Cualquier consumidor con tarjeta de crédito conoce el calvario que significa pagar intereses tan alto que superan la propia deuda. Millones de mexicanos pagan el mínimo durante dos, cinco, diez, quince años, y jamás bajarán sus deudas, porque el banco seguirá llevando un alto porcentaje en comisiones y cobros intereses infames.

Por tanto, no es de extrañar que los mexicanos deban más de un billón de pesos al banco. Ni que 40 millones de pesos hicieran compras durante el año pasado con tarjetas de crédito por casi 31 mil millones de pesos.

Con los paupérrimos salarios, no es de extrañar que se eche mano de las tarjetas para poder terminar la quincena o el mes. Son muchos los mexicanos que compran comida con la tarjeta, que además la usan para pagar los altos servicios básicos.

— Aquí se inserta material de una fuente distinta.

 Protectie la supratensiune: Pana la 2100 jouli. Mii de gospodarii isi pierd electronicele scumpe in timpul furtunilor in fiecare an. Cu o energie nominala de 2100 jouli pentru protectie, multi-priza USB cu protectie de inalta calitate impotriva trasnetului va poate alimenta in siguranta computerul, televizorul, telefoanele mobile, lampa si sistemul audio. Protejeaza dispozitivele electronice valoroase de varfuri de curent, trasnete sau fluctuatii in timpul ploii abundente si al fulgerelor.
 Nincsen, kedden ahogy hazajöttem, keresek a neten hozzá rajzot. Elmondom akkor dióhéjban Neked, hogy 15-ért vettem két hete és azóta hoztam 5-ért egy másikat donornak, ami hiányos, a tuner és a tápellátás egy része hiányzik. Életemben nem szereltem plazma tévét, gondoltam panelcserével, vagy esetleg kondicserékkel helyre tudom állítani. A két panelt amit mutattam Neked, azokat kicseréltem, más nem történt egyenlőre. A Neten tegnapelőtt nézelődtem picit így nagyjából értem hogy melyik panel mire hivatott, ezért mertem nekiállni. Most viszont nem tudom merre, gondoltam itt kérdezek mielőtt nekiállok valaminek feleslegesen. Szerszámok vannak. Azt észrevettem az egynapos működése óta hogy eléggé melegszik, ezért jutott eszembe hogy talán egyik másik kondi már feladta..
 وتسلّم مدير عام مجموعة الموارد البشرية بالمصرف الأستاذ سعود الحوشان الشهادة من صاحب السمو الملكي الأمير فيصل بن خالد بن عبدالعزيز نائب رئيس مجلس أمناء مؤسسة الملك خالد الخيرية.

Y es un circulo vicioso. Frente a las carretillas de millones de pesos que se llevan los banqueros, hay millones de mexicanos que se endeudan más de lo que ganan. Tal vez por eso, el nivel de endeudamiento de los mexicanos asciende a más de 136 mil pesos, mientras el ingreso mensual promedio es de apenas 14 mil pesos. Eso quiere decir que los mexicanos deberían trabajar un año para poder pagar sus deudas y otro tanto para pagar los intereses generados cada mes.

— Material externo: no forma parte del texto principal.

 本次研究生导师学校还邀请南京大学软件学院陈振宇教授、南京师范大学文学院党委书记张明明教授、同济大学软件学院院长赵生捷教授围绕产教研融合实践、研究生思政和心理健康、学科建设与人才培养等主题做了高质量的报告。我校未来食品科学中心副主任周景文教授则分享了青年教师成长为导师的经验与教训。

Claro, los banqueros aseguran que el problema es que los mexicanos no sabemos utilizar las tarjetas de crédito, ni sabemos como se calcula los intereses, ni porque los están pagando.

En realidad, el problema es que los estados de cuenta que envían los bancos de las tarjetas de crédito están hechos con esa finalidad. Lo único que está claro es que cada vez al hacer el pago mínimo, se pagan más intereses y que la deuda solo disminuye muy poco. Según Banxico, de los 7.7 millones de tarjetas de crédito que manejan los mexicanos, solamente el 16 por ciento conoce como se calculan los intereses en sus estados de cuenta.

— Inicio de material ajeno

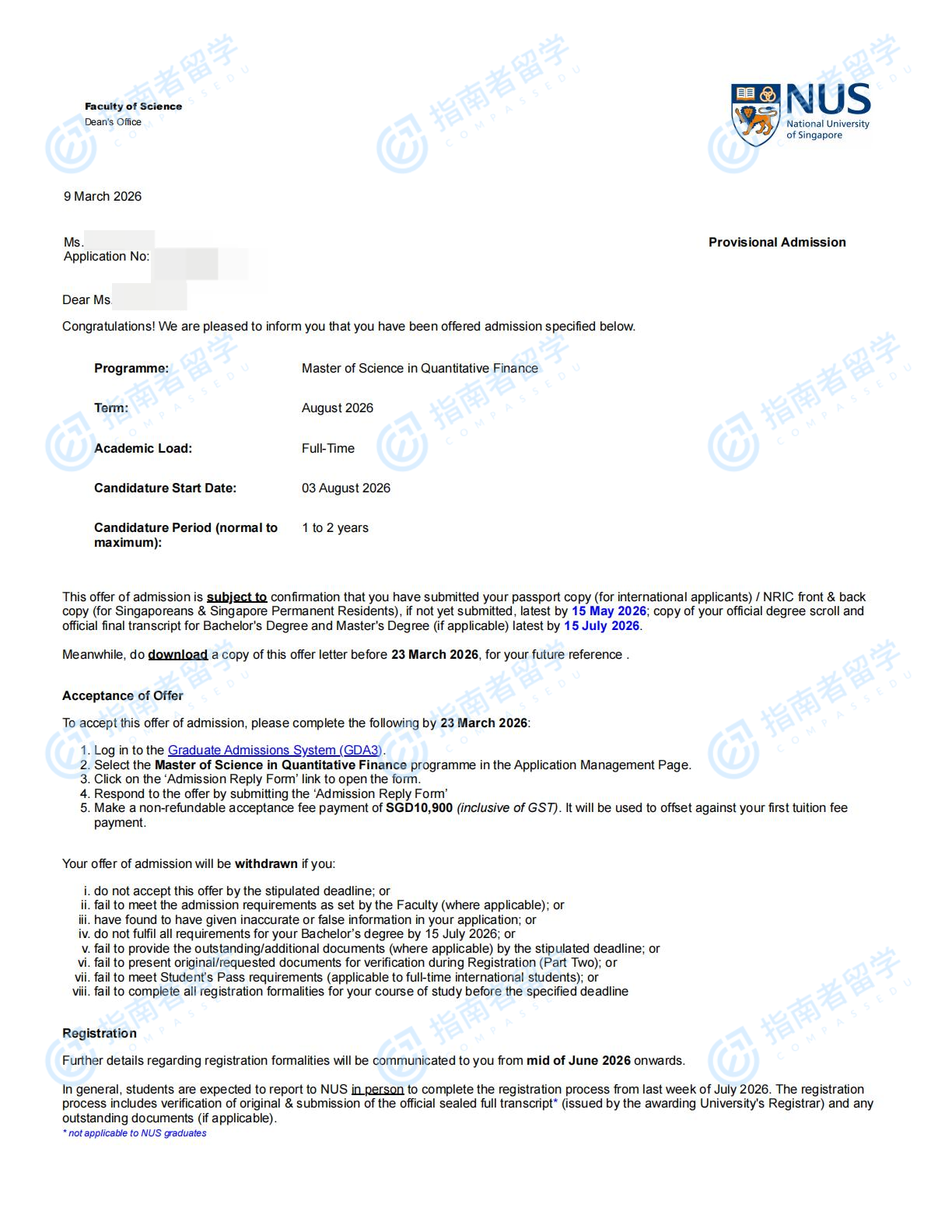 新加坡国立大学定量金融理学硕士研究生offer一枚
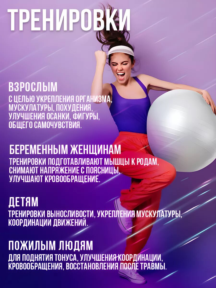 Фиолетовый мяч для фитнеса гимнастический SILAPRO, ПВХ, d75см, 900гр
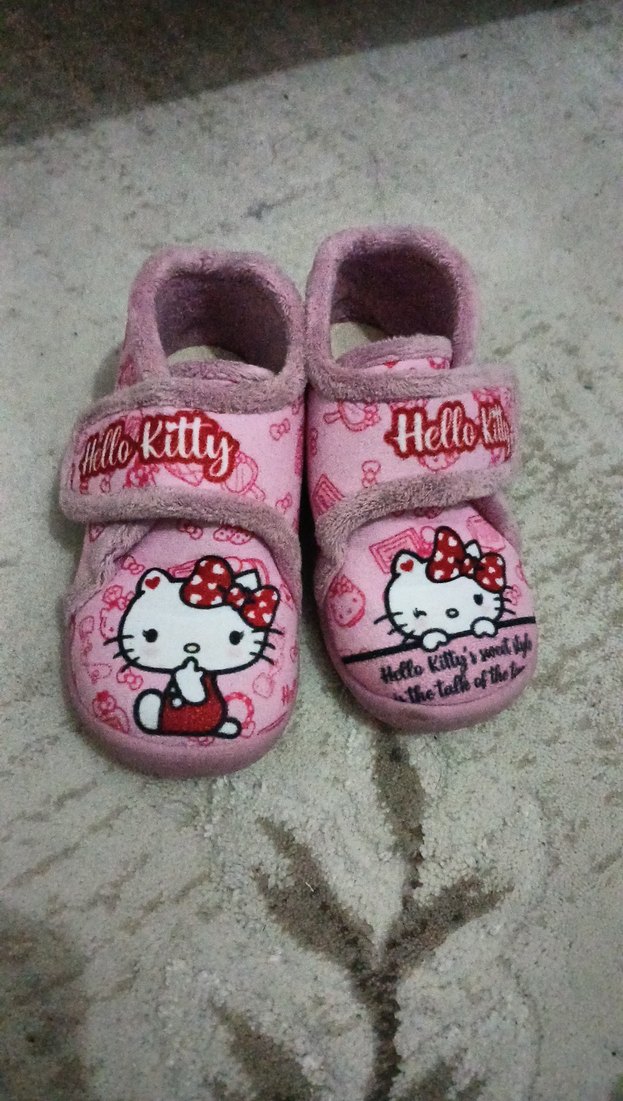 Renkli baskılı, cırt cırtlı, pembe Hello Kitty kız çocuk terliği, yumuşak ve sıcak kumaştan yapılmıştır.
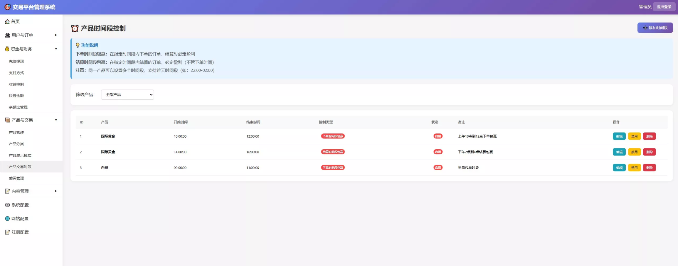 三位一体精准风控: 系统深度集成了个人单控、群体群控、以及产品时间段控制。管理员可在后台针对特定用户盈亏、特定金额区间概率、或特定时间段(如早盘、午盘包赢/包输)进行全自动化风控管理。
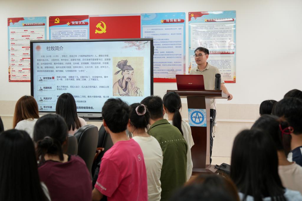 讲座伊始,在辅导员老师带领下,同学们集体诵读了诗人杜牧所作的唐诗《清明》,从诗词中感受古人的清明情结。辅导员老师从懂起源、明习俗、知感恩等方面对中国传统节日清明节进行了讲解,讲述了清明节的来源及演变,介绍了踏青、扫墓、插柳戴柳等传统习俗,随后,以成语“慎终追远”和家谱文化讲到了祖先崇拜、民族认同等内容;以“参天之木,必有其根;怀山之水,必有其源”引申到生生不息、感恩生命的话题;以“天地英雄气,千秋尚凛然”讲述了民族英雄、革命先烈的事迹;通过生动鲜活的古文诗句、名人典故、革命事迹,带领学生学习清明节背后中华民族认祖归宗、知恩报恩的传统文化,领悟中华文化博大精深、源远流长的重要内容。
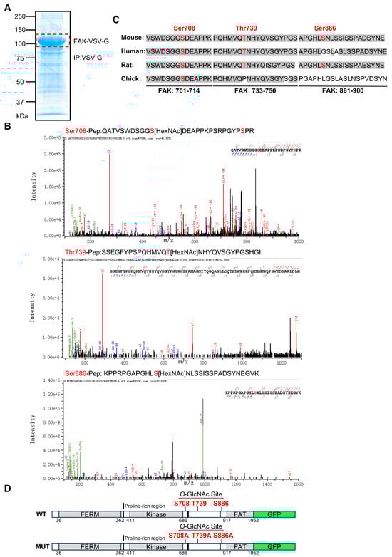 Identification of O-GlcNAcylation sites on FAK through LC-MS/MS. (A) VSV-G-tagged mouse FAK was transfected into 293T cells, and cell lysates were subjected to immunoprecipitation and separated using 7.5% SDS-PAGE gel. The FAK-VSV-G band (red dashed line) was cut off for LC-MS analysis. (B) The sites for determining FAK O-GlcNAcylation were mapped using MS to detect O-GlcNAcylation sites on FAK. O-GlcNAcylation peptides were analyzed through LC-MS/MS. Analysis with the Byonic software identified O-GlcNAcylation on three peptides, as indicated. The Ser708, Thr739, and Ser886 sites were marked in red. The phosphorylation site at Ser722 was also detected and shown in red. (C) Sequence alignments of FAK at Ser708, Thr739, and Ser886, along with adjacent sequences from different species with conserved serine/threonine residues, were highlighted in red. (D) Schematic representation of the wild-type and mutant plasmids utilized in this study. From the N-terminus to the C-terminus are the FERM domain, the kinase domain, the FAT domain, and the GFP tag, where the three black bars represent three proline-rich regions (PRR1, PRR2, PRR3). The MUT indicates that the Ser or Thr at Ser708, Thr739, and Ser886 sites were replaced with Ala through site-directed mutagenesis.
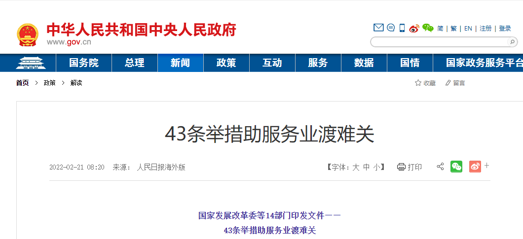 2月18日,国家发展改革委等14部门印发《关于促进服务业领域困难行业恢复发展的若干政策》(以下简称《若干政策》),从3个方面提出43条举措,帮助服务业渡过难关。国家发展改革委秘书长赵辰昕表示,这次服务业政策措施的着力点是针对行业面临的特殊困难,积极回应市场主体呼吁和关切,切实缓解服务业市场主体的成本压力,帮助企业恢复发展,保持全年服务业运行稳定。
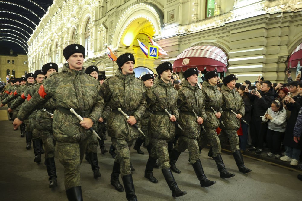 5月3日晚,受閱方隊(duì)在俄羅斯首都莫斯科前往紅場參加彩排。當(dāng)日,俄羅斯紀(jì)念蘇聯(lián)偉大衛(wèi)國戰(zhàn)爭勝利80周年閱兵式彩排在莫斯科舉行。新華社記者 姚大偉 攝
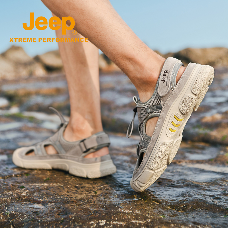 jeep sandals men's summer new hollowed-out breathable genuine leather beach shoe men outside wearing non-slip Baotou Driving shoe tide

Y en esto, los banqueros también salen ganando, porque mientras en México nos cobran entre 25 y 70 por ciento en tasas de interés en tarjetas de crédito, en Estados Unidos esas tasas rondan entre el 10 y 15 por ciento, al igual que en Europa.

La simulación, el engaño, la falta de información, son estrategias utilizadas por los bancos en la compra a meses sin intereses, una auténtica falacia en muchos casos. Todo frente a la atenta mirada de las autoridades financieras de nuestro país.

Pero al final, siempre es el mexicano el que tiene la culpa y todo por no saber usar las tarjetas de crédito. Y obvio, en la mayoría de las familias siempre habrá alguien que haya cometido el más grande “error financiero” al endeudarse con una tarjeta de crédito, un verdadero dolor de cabeza.

Con estos números en ganancias, es obvio que los banqueros y empresarios se hayan manifestado en contra de la propuesta del grupo de Morena en el Senado de eliminar algunas comisiones bancarias.

Obvio, los señores banqueros quieren seguir atracando a los mexicanos. Las comisiones de los bancos son legales, pero son un auténtico robo. Los banqueros se convierten de esta manera en ladrones de cuello blanco con comisiones por las consultas de saldos en ventanilla, por reposición de tarjetas bancarias en caso de robo o extravío, por aclaraciones improcedentes de estados de cuenta, por las disposiciones de crédito en efectivo, por mantenimiento de saldo mínimo, por anualidad de tarjetas de crédito, por transferencias exitosas o no, por emisiones de estado de cuenta adicional o por aclaraciones improcedentes de estados de cuenta.

Urge desaparecer los privilegios de unos pocos, para dar paso al bienestar de la mayoría. Los banqueros en México se han convertido en vulgares usureros. Habría que recordarles a Bertolt Brecht, quien sostenía que es más delito crear un banco que robarlo.